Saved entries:
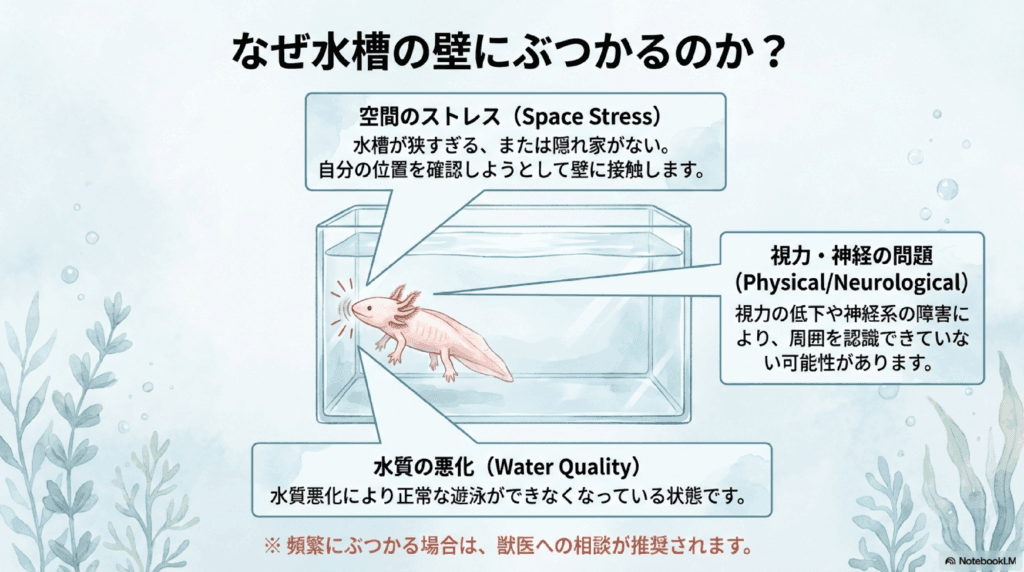 ウーパールーパーが壁にぶつかる主な理由の一つは、飼育環境の不適切さです。水槽が狭すぎたり、隠れ家や遊び場が不足していると、ウーパールーパーはストレスを感じ、行動が異常になることがあります。狭い空間では、彼らは自由に動き回ることができず、壁にぶつかることで自分の位置を確認しようとすることがあります。
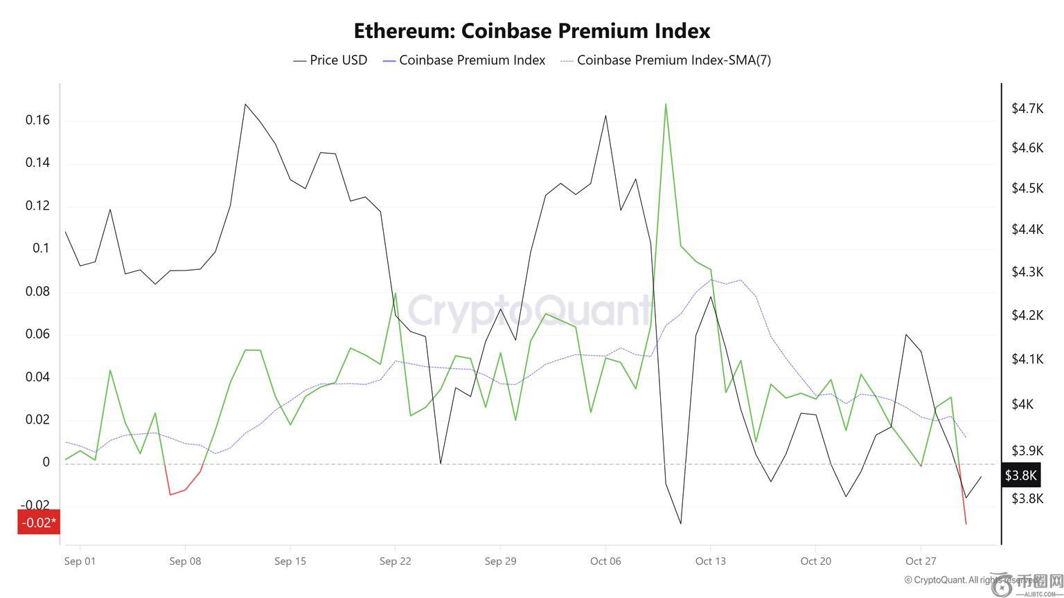 根据CryptoQuant的数据,以太坊Coinbase Premium指数周四跌至-2.8%,创下自9月9日以来的首次负值。这一跌幅表明,以太坊在Coinbase上的交易价格低于大多数加密货币交易所,暗示美国投资者对以太坊现货的需求有所放缓。
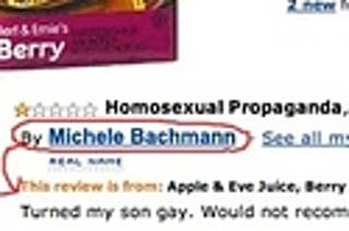 Apparently, presidential candidate Michele Bachmann is a dedicated Amazon.com user, who writes unbiased reviews on products she's purchased. Well, mostly unbiased.
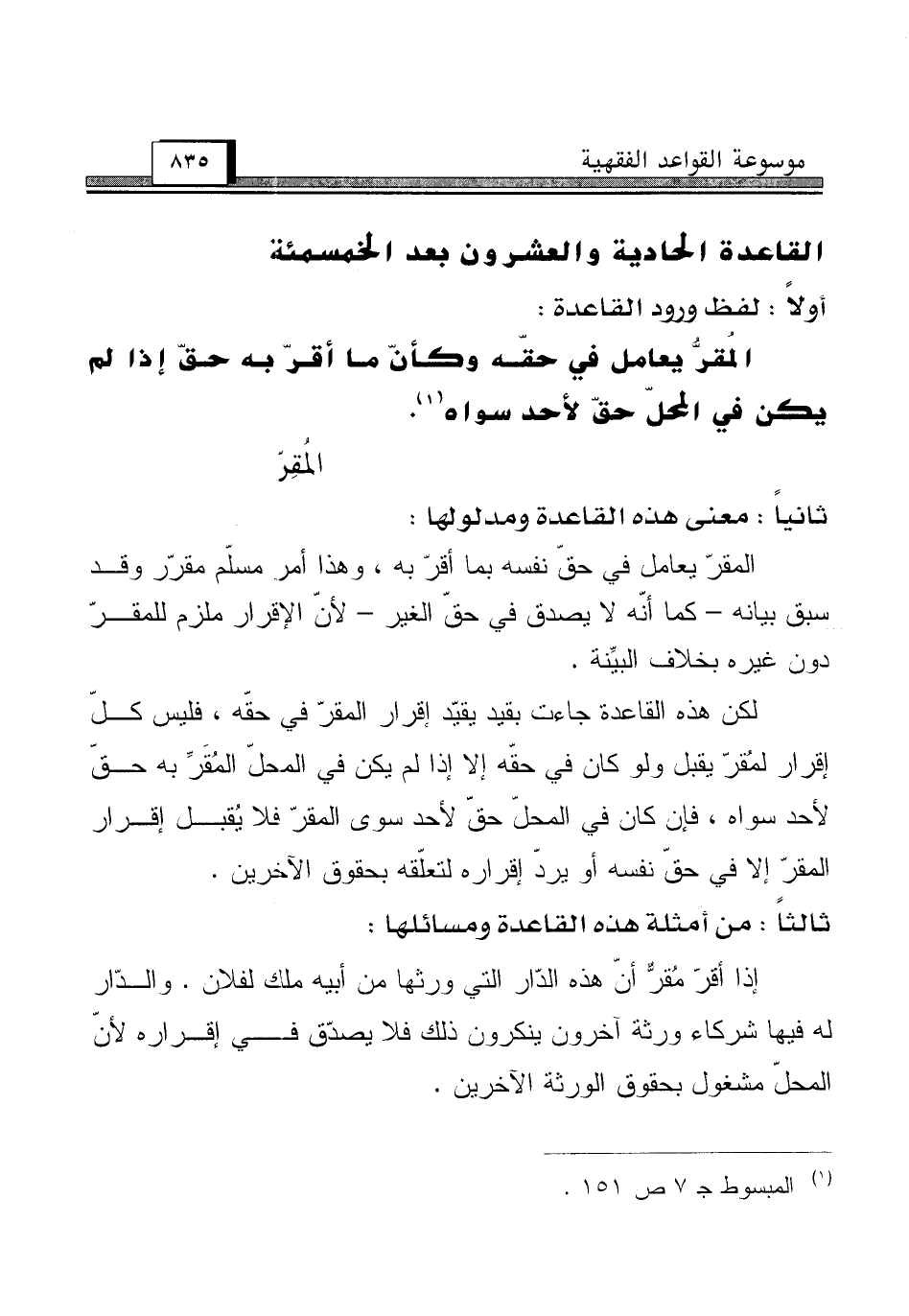 القاعدة الحادية والعشرون بعد الخمسمئة [المُقِرّ]
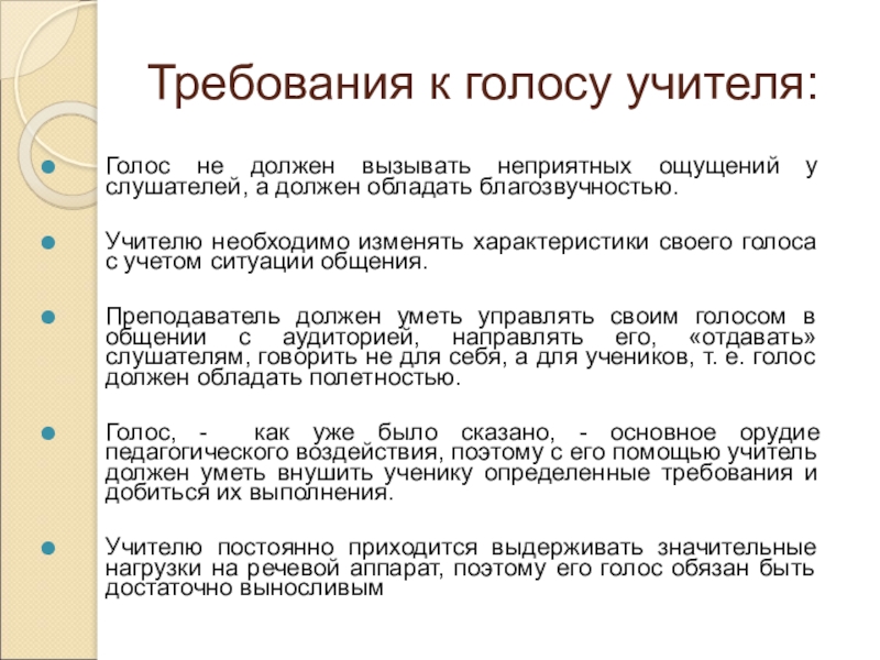 Учителю постоянно приходится выдерживать значительные нагрузки на речевой аппарат, поэтому его голос обязан быть достаточно выносливым

- EXERCISE OBJECTIVE
One exact copy of the data is required, and it should hold no pictures.

- EXERCISE OUTPUT
 ウーパールーパーが壁にぶつかる主な理由の一つは、飼育環境の不適切さです。水槽が狭すぎたり、隠れ家や遊び場が不足していると、ウーパールーパーはストレスを感じ、行動が異常になることがあります。狭い空間では、彼らは自由に動き回ることができず、壁にぶつかることで自分の位置を確認しようとすることがあります。
 根据CryptoQuant的数据,以太坊Coinbase Premium指数周四跌至-2.8%,创下自9月9日以来的首次负值。这一跌幅表明,以太坊在Coinbase上的交易价格低于大多数加密货币交易所,暗示美国投资者对以太坊现货的需求有所放缓。
 Apparently, presidential candidate Michele Bachmann is a dedicated Amazon.com user, who writes unbiased reviews on products she's purchased. Well, mostly unbiased.
 القاعدة الحادية والعشرون بعد الخمسمئة [المُقِرّ]
 Учителю постоянно приходится выдерживать значительные нагрузки на речевой аппарат, поэтому его голос обязан быть достаточно выносливым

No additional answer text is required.